I met Versace through an Italian journalist who came to interview me in Catskill. She was a very attractive woman who was a few years older than me, and I took her upstairs and we had sex and I saw that she was wearing Versace underwear.

“I model for him,” she told me. “I can get you all the clothes you want. I’ll introduce you.”

Versace was the coolest. He offered to send me clothes but I was too impatient.

“If you just wait, I’ll send you everything for free,” he’d tell me.

“Send me what you can and I’m going to buy what I can, okay?” I told him.

I was living out the fantasy. I’d go to London or Paris to get some clothes and all the salespeople would run out of their stores.
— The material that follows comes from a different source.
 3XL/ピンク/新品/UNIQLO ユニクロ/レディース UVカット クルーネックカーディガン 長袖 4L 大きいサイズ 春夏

“Champion! Champion!” they’d shout, trying to get me to go into their place. I was taking the Concorde to see a girl, and we’d walk down the street and the whole city stopped. They literally had to drag us into the stores, we were so mobbed.

In Vegas it was worse. I’d go to the Versace store in Caesars and the whole mall would shut down. I was flourishing with all that attention. I was looking around at the clothes and I didn’t think,
Thank you very much,
I was looking mean at the people in the store. I didn’t even bother trying on clothes in the dressing rooms. I’d just strip down to my underwear in the middle of the store. I was ripped to a shred back then and hundreds of people would be watching me try on clothes through the store window. I’d see a girl in the crowd that I liked and I’d say to one of the salespeople, “Let her in, please.”

She’d come in.

“Do you want to stay here and help me pick out things? Do you need anything?” I’d ask her. When I’d finish shopping, I would have dropped $300,000 cash money that visit. Versace got mad at me.
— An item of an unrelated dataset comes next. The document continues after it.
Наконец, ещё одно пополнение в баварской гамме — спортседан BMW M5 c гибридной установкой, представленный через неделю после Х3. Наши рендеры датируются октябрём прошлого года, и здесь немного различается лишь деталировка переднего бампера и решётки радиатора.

“This guy spends too much money,” he’d tell whoever we were with. But he was no one to talk. That guy spent more money than I did.

It’s funny that they make a big deal about Kanye West dressing up his women. I did the same thing. I always liked to dress my girls. I think it went back to my childhood. I used to watch my mother dress the prostitutes who came over. She’d try various wigs on them and then different outfits. So that’s what I did. Not because I was such a fly guy but because I used to see my mother do it with the girls. I even taught Don how to dress. He was dressing like he came right out of the movie
Super Fly
back then.

“Nigga, you can’t be with us, you dressing like this. We have an image to uphold, Don, we are fly niggas. You are a bum,” I told him. “You’re a big man, you should dress different. Versace is the future, Don.”

That whole gangsta rap image formed around me. I was bringing that attitude to the world. I represented that era. Even Don got freaked out by the image I was portraying at that time. Near the end of 1988, Don tried to soften my image by having Jesse Jackson baptize me in Chicago. That was all bullshit. After the baptism, I took one of the choirgirls back to the hotel and fucked her.

They had me saying I was born-again in
Jet
magazine. “Remember this: Reach for God, don’t reach for the stars, you might get a cloud and nothing is in the clouds. Reach for God, reach to shake God’s hands.” That was all bullshit. The only spirituality I had back then was in my dick.